Exercise = The answer should hold only the lines from the beginning of the material through the one with "LUISA HUERTAS. Conmovida, la", reproduced exactly and without pictures.
Top of Stored data
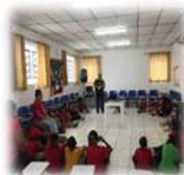
Acolhimento diário 09/01/23 e 16/01/23
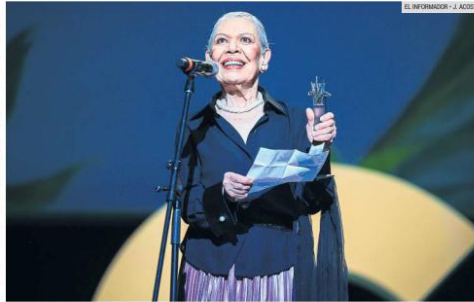
LUISA HUERTAS. Conmovida, la actriz recibió el Mayahuel de Plata en la gala inaugural del Festival Internacional de Cine en Guadalajara, celebrando una vida dedicada al arte y la memoria del cine.

La velada alcanzó uno de sus momentos más significativos con la entrega del Mayahuel de Plata por trayectoria a la actriz Luisa Huertas, figura clave del cine y del teatro en México. Visiblemente conmovida, ofreció un discurso íntimo y reflexivo en el que recorrió su vida y oficio, reivindicando la actuación como una vocación profundamente ligada a la memoria, la sensibilidad y el paso del tiempo. "Lo mejor que me ha pasado en la vida ha sido ser madre... y haber decidido desde niña ser actriz. Al recibir este Mayahuel de Plata por trayectoria, que otorga el primer y emblemático Festival Internacional de Cine en Guadalajara, me siento plena, de gratitud y alegría, y me hace pensar que ha valido la pena la vida, vivirla y trabajarla, porque actuar es mi forma de vida. El cine recoge el devenir de la humanidad... retrata el alma de los seres humanos... y estamos fijando la memoria, la de la actualidad y la del fu-
Bottom of Stored data
Written answer =
Acolhimento diário 09/01/23 e 16/01/23
LUISA HUERTAS. Conmovida, la actriz recibió el Mayahuel de Plata en la gala inaugural del Festival Internacional de Cine en Guadalajara, celebrando una vida dedicada al arte y la memoria del cine.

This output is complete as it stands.